Provided material:

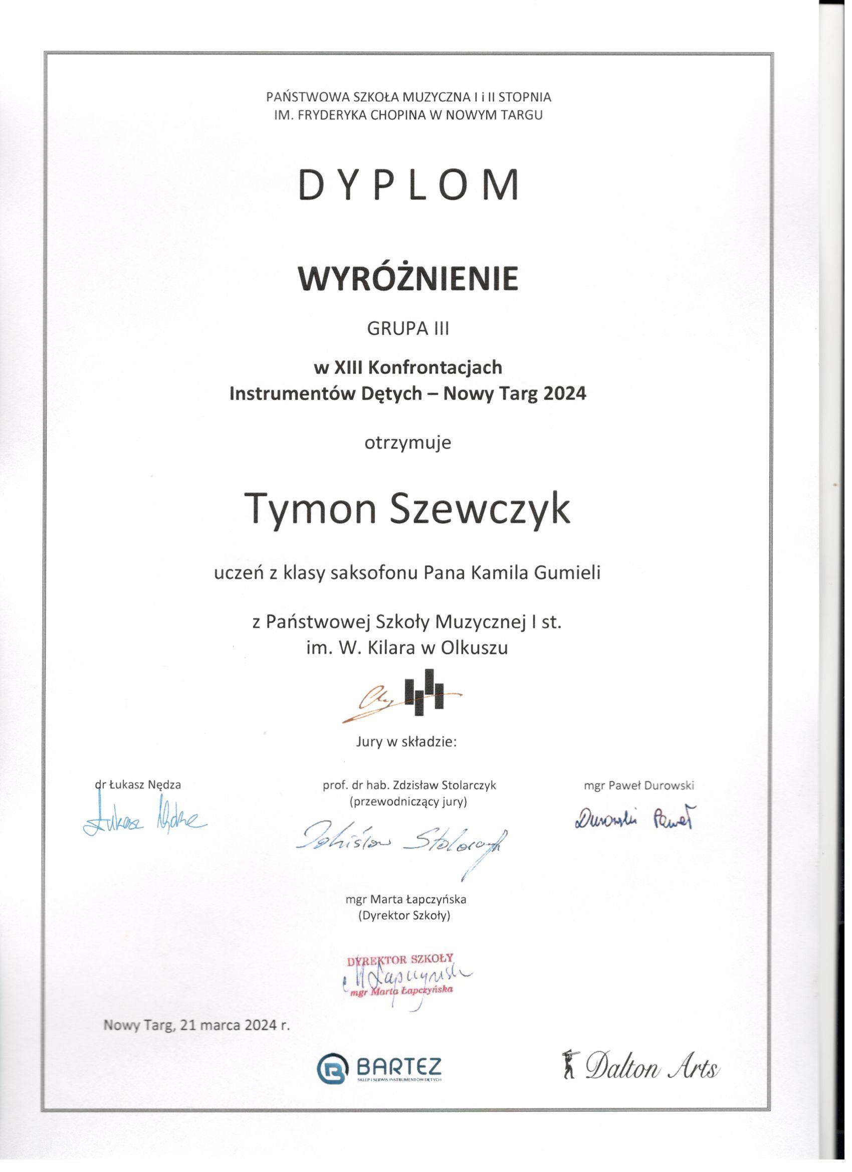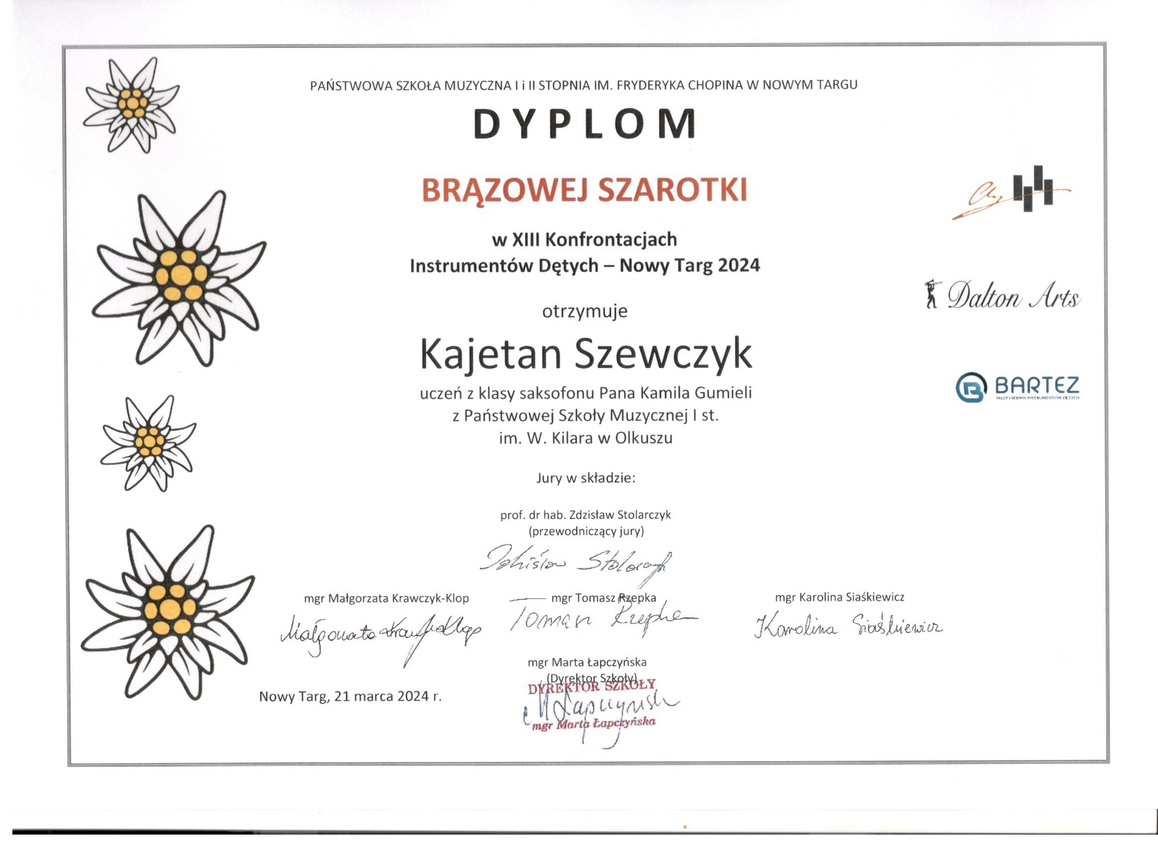 Gratulujemy Kajetanowi Szewczykowi za zdobycie Brązowej Szarotki oraz wyróznienia Tymonowi Szewczykowi z klasy mgr Kamila Gumieli w XIII Konfrontacjach Instrumentów Dętych w Nowym Targu. Gratulujemy!!!!
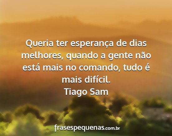 Queria ter esperança de dias melhores, quando a gente não está mais no comando, tudo é mais difícil.Tiago Sam
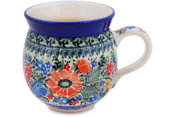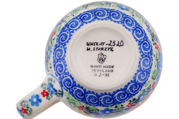 This Garden Of Happiness 12oz Bubble Mug was handmade and hand decorated in Boleslawiec, Poland by skilled artisans according to old traditional methods. This is a Polish pottery Signature Unikat, which means that it has been hand painted with both sponges and brushes and it is signed by the artist who painted it. Unikat pieces are the most intricate works of art. Larger Unikat items take hours of very careful work to finish. This Polish stoneware is microwave, dishwasher, freezer, and oven safe up to 480°F. It does not contain lead or cadmium. It is part of the Garden Of Happiness Collection.

Task requirements: Your copy must start at the line that holds "Queria ter esperança" and end at the last line of the data, both included; it must contain no pictures.

Response:
 Queria ter esperança de dias melhores, quando a gente não está mais no comando, tudo é mais difícil.Tiago Sam
 This Garden Of Happiness 12oz Bubble Mug was handmade and hand decorated in Boleslawiec, Poland by skilled artisans according to old traditional methods. This is a Polish pottery Signature Unikat, which means that it has been hand painted with both sponges and brushes and it is signed by the artist who painted it. Unikat pieces are the most intricate works of art. Larger Unikat items take hours of very careful work to finish. This Polish stoneware is microwave, dishwasher, freezer, and oven safe up to 480°F. It does not contain lead or cadmium. It is part of the Garden Of Happiness Collection.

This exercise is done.